Plan switch could cost older employees

'Cash-balance' pension plans may significantly reduce older workers' projected benefits

Posted: Thursday, December 26, 2002

With the Bush administration throwing support behind "cash-balance" pension plans, more companies may convert traditional pensions to this option, which can significantly reduce older workers' projected retirement benefits.

This month, the Treasury Department proposed guidelines under which employers could change traditional pensions to cash-balance plans without fear of age-discrimination charges. The department is accepting public comment and plans a hearing in April. The rules could become final in the summer.

Cash-balance supporters say the plan is more suited for today's mobile work force and helps younger workers build benefits more quickly. One-third of Fortune 100 companies have a cash-balance or similar plan; in 1985, there was just one, according to Watson Wyatt Worldwide, a human-resources consulting company based in Washington.

Opponents say companies convert to a cash-balance plan to save money at the expense of longtime employees.

By converting, companies can save money because benefits are no longer tied to what workers earned in the last few years of their career, when wages are usually highest, experts said. During conversions, too, employers often drop expensive early-retirement subsidies.

"Overall, if I'm an older employee, I prefer the traditional pension. If I'm a younger employee, I prefer the cash-balance plan," said Kien Liew, president of PensionBenefits Inc. in Plano, Texas.

A traditional pension's benefits build slowly over many years and then accelerate, with payouts usually tied to average pay during the last few years of employment multiplied by years of service.

In a cash-balance plan, benefits accrue more evenly throughout employment. Workers are credited with a certain percentage of pay, usually 5 percent a year, and the balance is increased annually by an interest rate of, say, 5 percent to 6 percent.

As with a traditional pension, the employer pools the plan's money and assumes the investment risk.
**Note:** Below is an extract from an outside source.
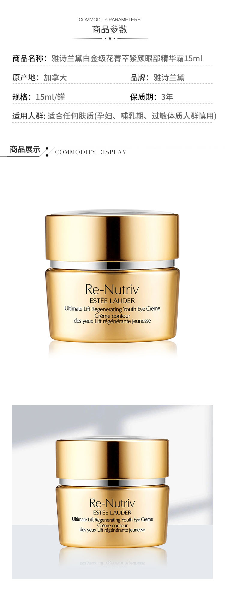 雅诗兰黛白金级花菁萃紧颜眼部精华霜15ml(清爽型)

Workers receive regular statements on the lump-sum value of their benefits.

Like a 401(k) account, cash-balance plans allow workers leaving a company after being vested, usually in five years, to roll their accrued benefits into an individual retirement account or new employer's plan, if that plan permits. At retirement, workers typically take benefits in a lump sum, although they can get an annuity that pays them a monthly check for life.

Under the Treasury proposal, cash-balance plans would not be deemed discriminatory if older workers receive at least the same percentage of pay in their accounts as younger workers.

When companies switch to a cash-balance, employees don't lose benefits they have already accrued but can take a hit on projected benefits they have yet to earn.

"The big issue is conversion. The way it's been done previously has harmed a lot of employees," said Thomas Lowman, an actuary at Bolton Partners in Baltimore.

Generally, longtime workers lose about 30 percent of their projected benefits when employers switch to a cash-balance plan, Lowman said.

Jane Banfield, 54, said her projected benefits of $30,000 a year were cut in half after AT&T Corp. converted from a traditional pension to a cash-balance plan in 1998. An employee lawsuit against AT&T is pending.

"You're changing the rules in midstream without offering us the opportunity to change our investment strategy," said Banfield, who worked 20 years for AT&T in New Jersey before being laid off in November.

Cash-balance plans have their pluses and the impact of conversions can be ameliorated.

A cash-balance plan "tends to distribute the 'defined benefit' dollars more broadly among the plan population," said J. Mark Iwry, former benefits-tax counsel with the Treasury Department during the Clinton administration. "It's not a type of plan that deserves to be demonized."